In the entries below, find the line containing "Copper(II) hydroxide made" and the line containing "A view from". Copy those two lines and everything between them exactly, without the pictures.

# Input data
┄┄┄┄┄┄┄┄┄┄┄┄┄┄┄┄┄┄┄┄
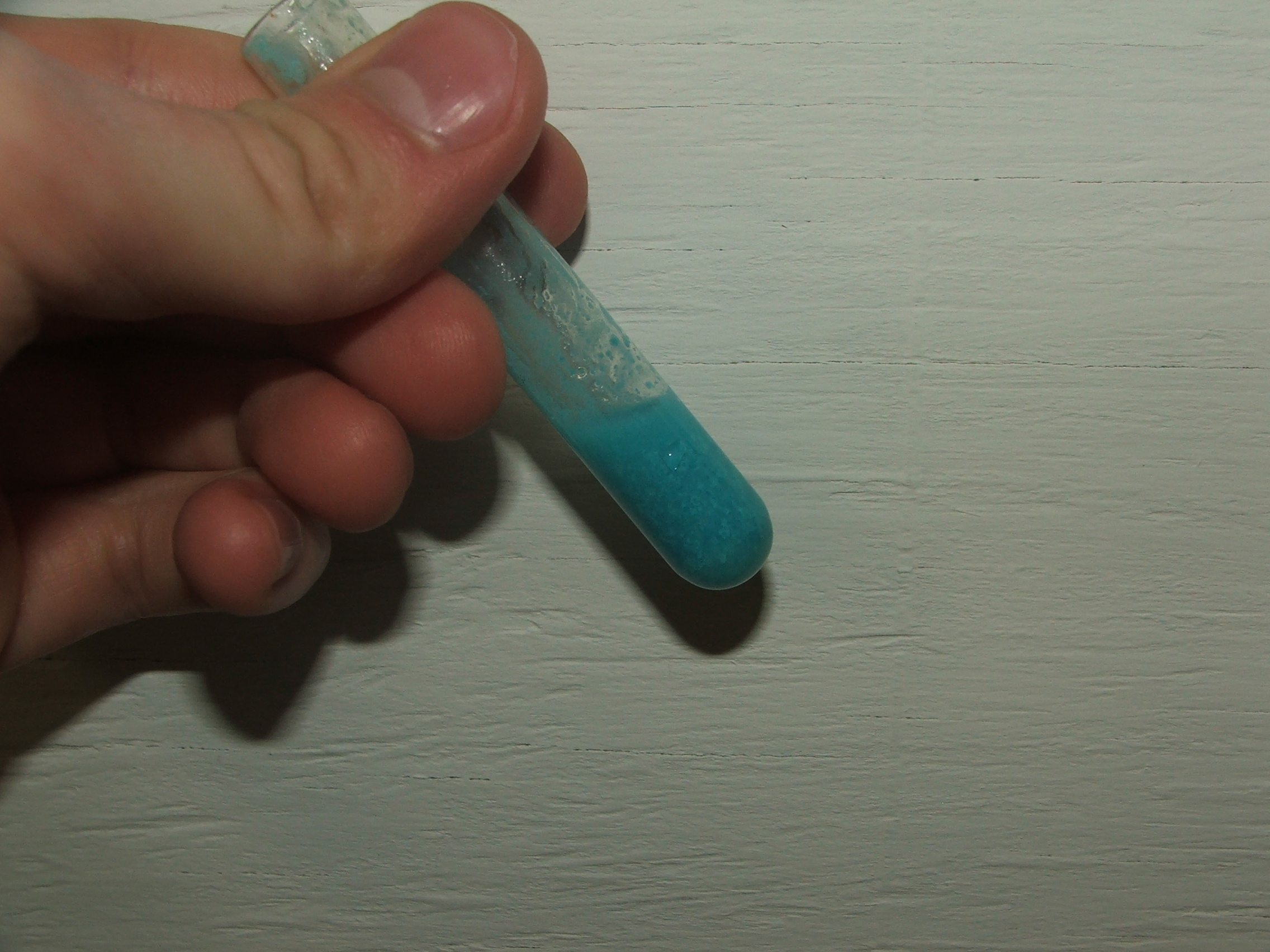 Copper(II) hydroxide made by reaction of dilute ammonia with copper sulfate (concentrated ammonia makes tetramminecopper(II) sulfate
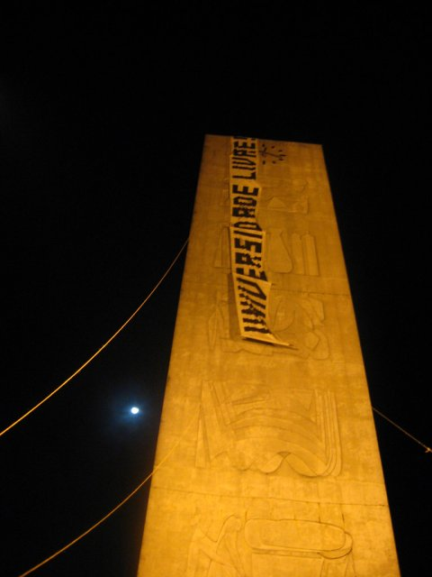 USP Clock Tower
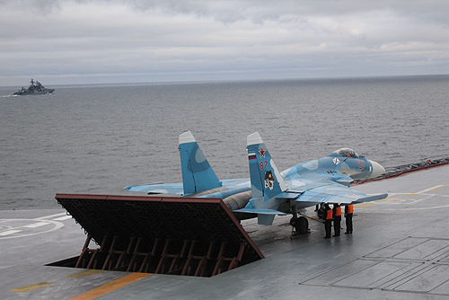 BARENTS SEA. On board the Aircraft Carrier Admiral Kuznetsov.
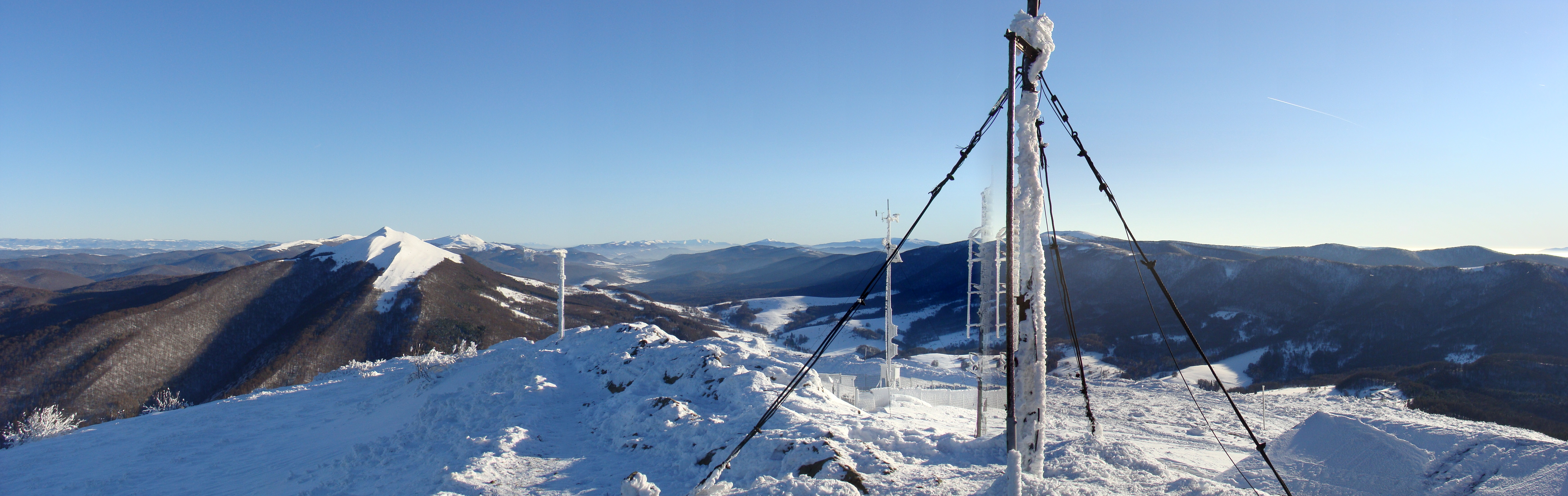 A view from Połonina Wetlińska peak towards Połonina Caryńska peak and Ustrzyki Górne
┄┄┄┄┄┄┄┄┄┄┄┄┄┄┄┄┄┄┄┄
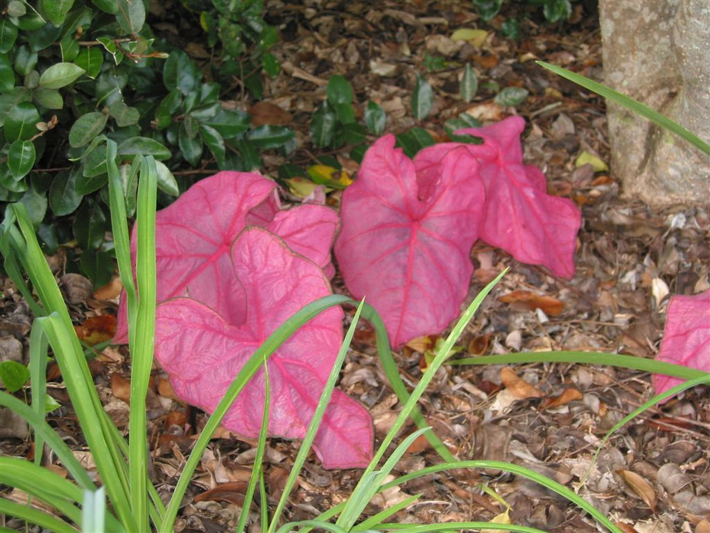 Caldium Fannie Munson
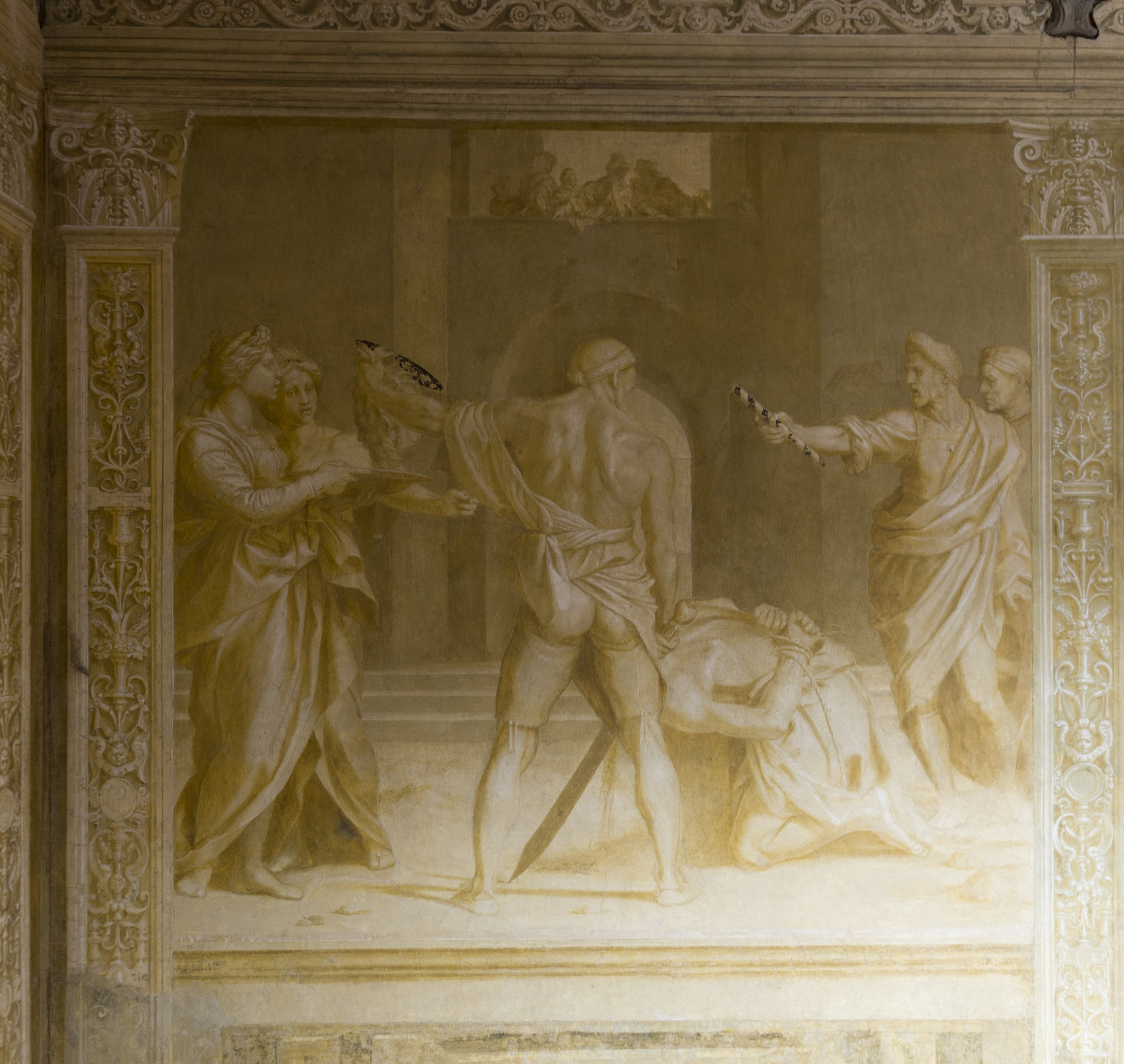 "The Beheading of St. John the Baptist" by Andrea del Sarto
┄┄┄┄┄┄┄┄┄┄┄┄┄┄┄┄┄┄┄┄
# Result
 Copper(II) hydroxide made by reaction of dilute ammonia with copper sulfate (concentrated ammonia makes tetramminecopper(II) sulfate
 USP Clock Tower
 BARENTS SEA. On board the Aircraft Carrier Admiral Kuznetsov.
 A view from Połonina Wetlińska peak towards Połonina Caryńska peak and Ustrzyki Górne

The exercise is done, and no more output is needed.